Abflug gestrichen, Abenteuer gestartet
Ausflug nach Wien auf Umwegen

Eigentlich sollte alles ganz einfach sein: Ryanair, 26. Juli 2019, 21:45 Uhr Abflug, 23:00 Uhr Landung in Wien. Nur ein kurzer Hüpfer, fast schon eine Flugzeugfahrt für Anfänger – perfekt für unseren kleinen Noah, der noch nie geflogen war und vor Aufregung beinahe selbst abgehoben hätte. Die Mini-Reise war geplant wie ein Espresso-Shot: ein ganzer Samstag und ein halber Sonntag in Wien, Rückflug am 28. Juli um 13:15 Uhr. Kurz, knackig, kindertauglich. Und dann kam Ryanair.

Los gehts

Freitagnachmittag, Essingen-Mettingen. Wir gehen mit gepackten Koffern zur Bushaltestelle, Noahs Augen glänzen wie das Kabinenlicht auf Sitzplatz 17A. Der Plan: Mit dem Bus nach Esslingen, dann per Flughafenbus weiter nach Stuttgart Airport. Alles läuft – noch.

Am Flughafen: das übliche Chaos am Check-in. Die Schlange windet sich wie ein labyrinthisches Level in Tetris, aber wir sind guter Dinge. Noah klammert sich stolz an seinen Buggy wie an einen Ehrenplatz im Cockpit. “Wie läuft das mit dem Buggy?” – “Einfach hinten anstellen, kein Problem.” Soweit die Theorie.

Mit dem Bus zum Flughafen

Und dann: Zack. Flug gecancelt. Ohne Vorwarnung. Während dem Check-In. Einfach so. Keine Durchsage, kein Trommelwirbel, kein Plan B. Nur entgeisterte Gesichter und ein ganz kleiner Noah, der die Welt plötzlich nicht mehr versteht. Er hatte sich doch so gefreut. Statt Flughimmel nur Bahnhof. Oder in unserem Fall: Mit S-Bahn zurück nach Hause. Während wir in der Bahn sitzen, fragt man sich unweigerlich: Ist DAS jetzt Urlaub? Mit dem Bus zum Flughafen, mit der S-Bahn wieder heim? Wenn man dreieinhalb ist, vielleicht schon. Wenn man Gabi heißt – sicher nicht.

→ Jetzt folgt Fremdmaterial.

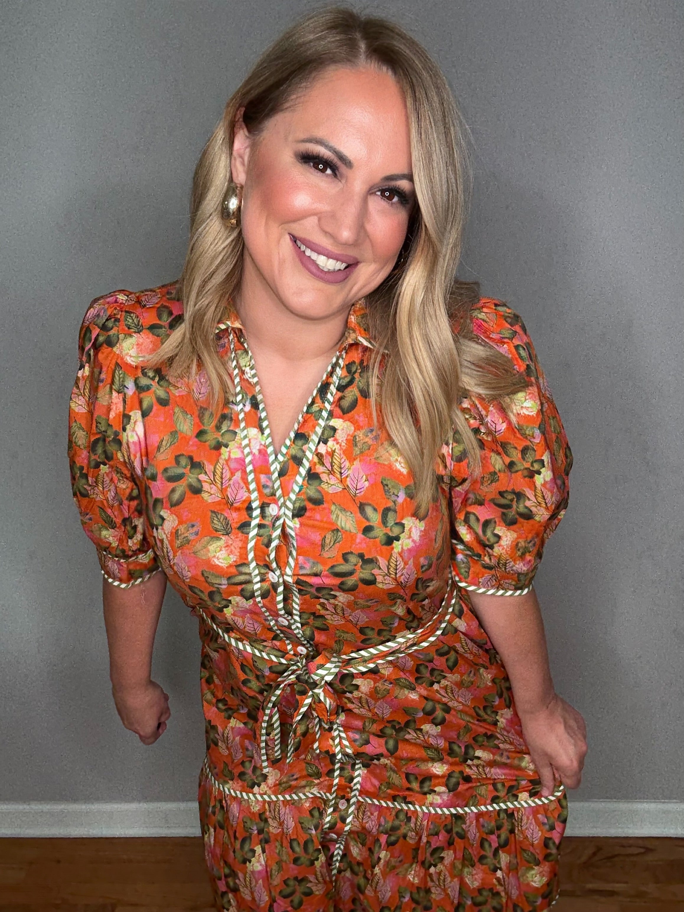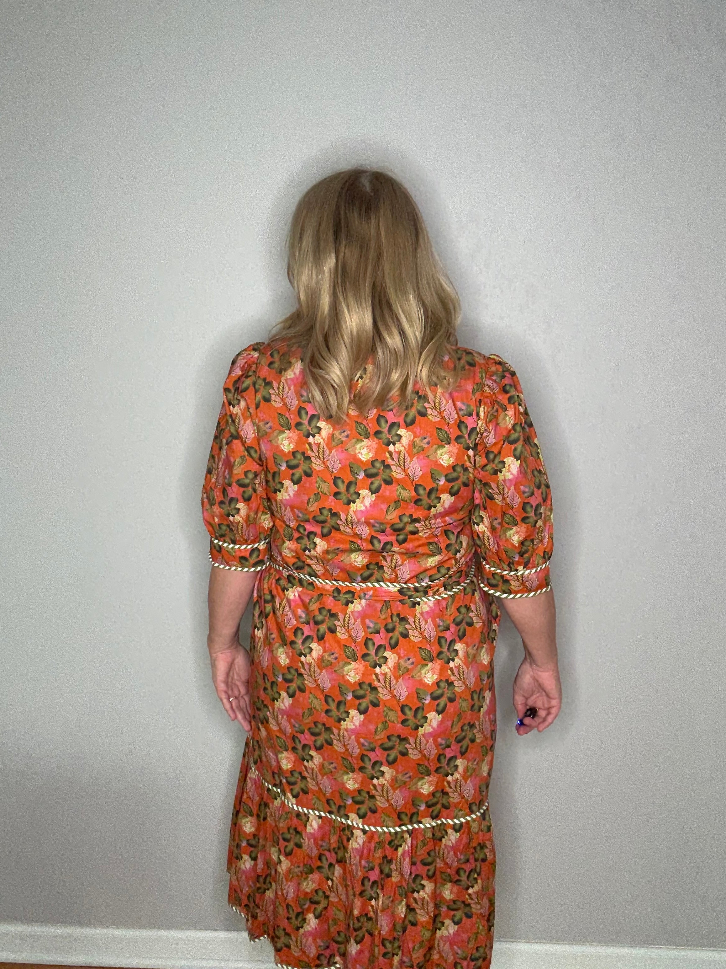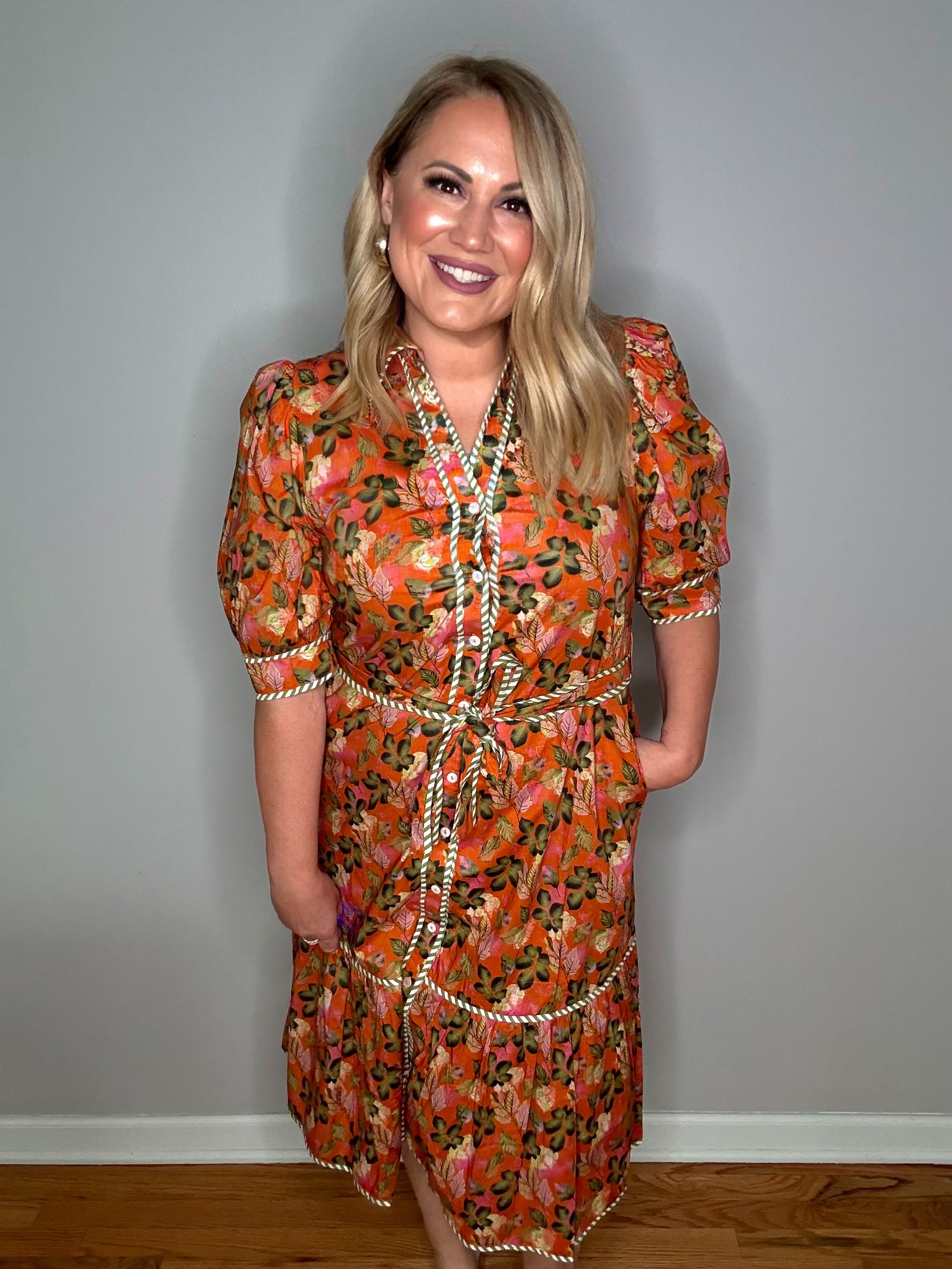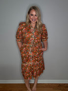 THML Orange Love Button Front Floral Midi Dress

Ich blicke auf die Koffer. Die sind gepackt. Und zwar nicht für einen S-Bahn-Ausflug zurück in den Alltag. Ich schaue Stefan an. Stefan schaut mich an. Nadine und Oli sitzen gegenüber, beide noch still, aber mit dieser speziellen „Wir wissen, was jetzt kommt“-Energie im Blick. Ein kurzer Moment Stille. Dann sage ich das, was allen auf der Zunge liegt – wie ein Befreiungsschlag nach dem Boarding-Schock: „Wir fahren. Mit dem Auto. Nach Wien.“ Ein ganzer Flug gecancelt? Uns doch egal. Wir steigen jetzt einfach in meinen Golf und machen das Ding auf eigene Faust.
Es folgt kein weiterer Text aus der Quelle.